Ray Green
Ray Green (1908-1997)
Ray Green was born in 1908 in Cavendish, Missouri. He was raised in San Francisco and studied under Ernest Bloch, Albert Elkus and Giulio Silva. In the mid 30’s, he won the George Ladd Prix de Paris, a 2 year composition fellowship from the University of California, Berkeley, to study modern music abroad. While abroad, he studied composition under Darius Milhaud and gained conducting experience with Pierre Monteux. Instead of remaining in Paris as originally intended, he explored the continent but was disappointed with the state of music composition and returned to the U.S. to discover his own way.
When he returned to the United States in 1937, he met May O’Donnell and wrote the score for her first work, “Of Pioneer Women”. This was the beginning of his career as a composer in the dance field. In 1938 at the Bennington School of Dance he wrote “American Document” for Martha Graham. 1938 also marked the year he married May O’Donnell and began their long and successful collaboration of music and dance.

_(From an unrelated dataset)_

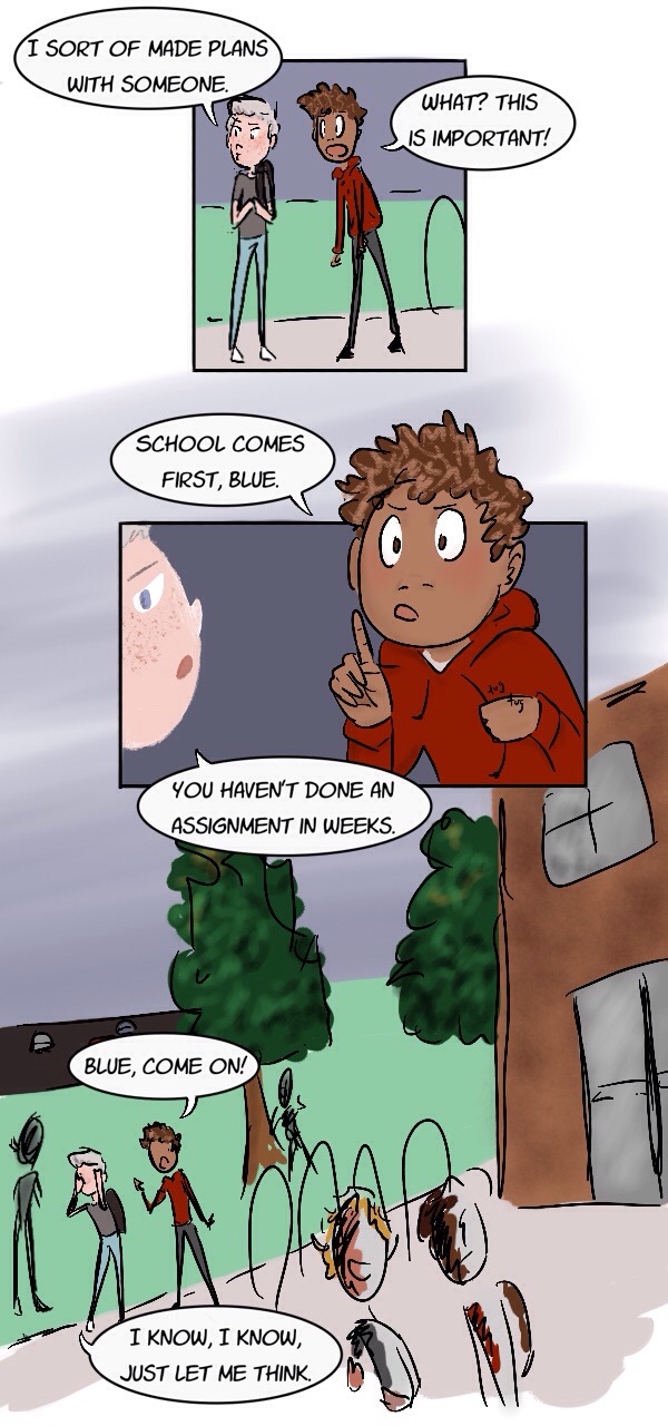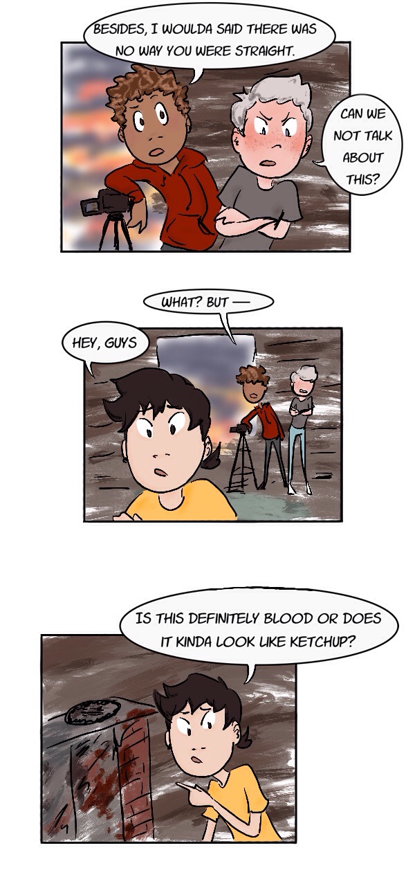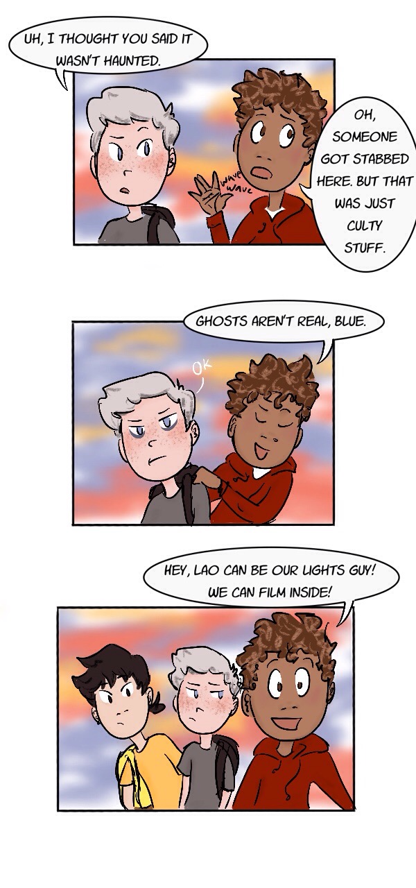 Just a story about high school and the trials of being a teen — friend drama, crushes, tests, the ghost of your dead mother, inhumane gym classes, demons, church basement conversion therapy, allegedly-haunted houses, mental health problems, and that thing that nearly killed your ex-best friend. The normal stuff. (content warnings: blood, death, alcohol/drug use, homophobia)

During the years prior to and during WWII he was composer-conductor, first with the Federal Music Project in northern California and then as a member of the Armed Forces. During this time, one of his main interests was in getting music accepted as an essential component to medical treatment in the Veterans Administration hospitals. He was Chief of Music for the Veterans Administration, and in 1948 was invited to become Executive Secretary of the American Music Center in NYC, a position he held for over twelve years.
In 1951 he founded his own publishing company, the American Music Edition (AME), which played an important role in documenting and disseminating new American music by Green, Carl Ruggles, Halsey Stevens, and many other composers. Green’s archives (housed at the New York Public Library for the Performing Arts) consists of manuscripts, business papers, and correspondence reflecting AME’s repertoire as well as the interactions Green had with many key figures in twentieth-century music, including John Cage, Henry Cowell, Charles Ives, Gunther Schuller, William Grant Still, and Virgil Thomson.
In 1987 he set up the Ray Green Award which was the first piano prize where the teacher and the student share equally in the prize.
Ray Green’s influence was felt in the worlds of American music composition, music therapy, modern dance, and music publishing. He tried to create a new American music consisting of a harmonic system removed from the European tradition. This was signified by elements of American jazz, American folk music, Asian music, microtonality, music for dance and electronic music. It was never to be highbrow or too cerebral but accessible to all audiences.
Ray and May lived and worked together for over 50 years and became one of the most formidable combinations of composer and choreographer of their time, producing over forty collaborative works.